During a Sotheby’s evening sale in Hong Kong, a group of five works by Yayoi Kusama sold for $22.9 million, with some of the artist’s highest auction prices ever achieved within the last 20 years. Kusama was among the biggest names anchoring two back-to-back sales of modern and contemporary art, which by the day’s end generated HKD $1.52 billion ($192.8 million) and 11 new artist records.
One of Kusama’s sculptures, Pumpkin (L), an oversized bronze pumpkin produced in 2014, sold for HKD $62.64 million ($7.98 million), setting a new benchmark for a sculpture by the Japanese artist. Another work that captured bidding attention was Kusama’s 2018 piece My Heart is Flying to the Universe, a mirrored box with LED lighting and a face-sized hole cut into its exterior through which viewers can peer in. Although viewers cannot fully enter the piece, the work sold well for HKD $25.9 million ($3.29 million). The piece came from an anonymous seller who originally purchased it from David Zwirner.

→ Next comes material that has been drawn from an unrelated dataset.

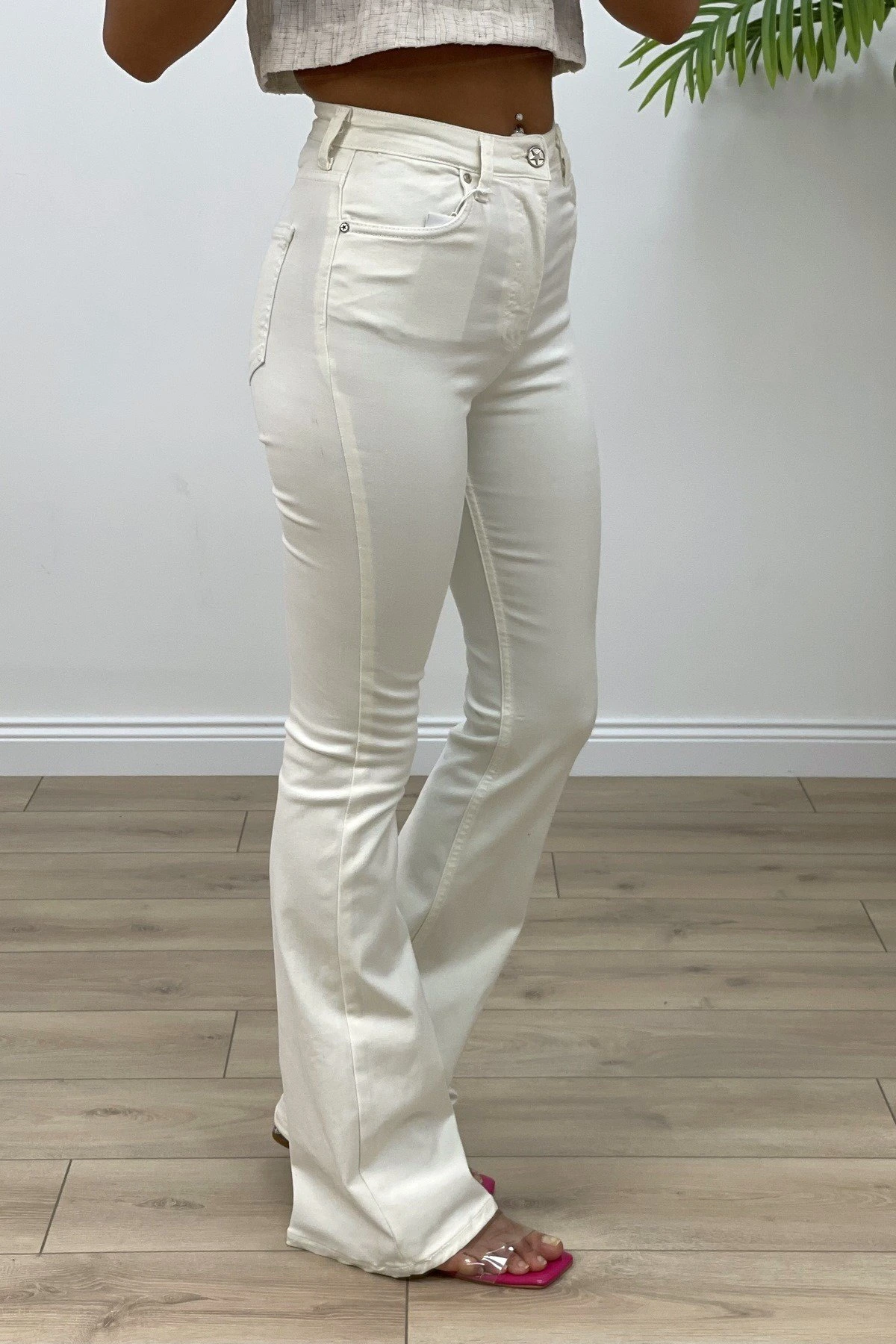 FULL LİKRA İSPANYOL YÜKSEK BEL PANTOLON – KREM

The high prices for Yayoi Kusama’s work sold during the auction paint a clearer picture of the Hong Kong market’s current state than the data from the 2022 edition of the UBS Art Basel Report, which was released earlier this week. The market in Asia has been ailing, with China’s strength hindered by a protracted period of restrictive Covid policies that only just recently loosened. Sales in the region were down 14 percent, at $11.2 billion, its lowest figure since 2009.
Yayoi Kusama, now 94, has reached a new level of popularity on the market. In 2020, writer Greg Allen likened her cult status to something like a “Kusama-industrial-complex” within the gallery and museum world. She is currently the subject of a retrospective at the M+ museum and a widely publicized campaign by Louis Vuitton. Kusama’s current auction record is $10.9 million, set by an “Infinity Nets” painting sold in 2022 at Phillips.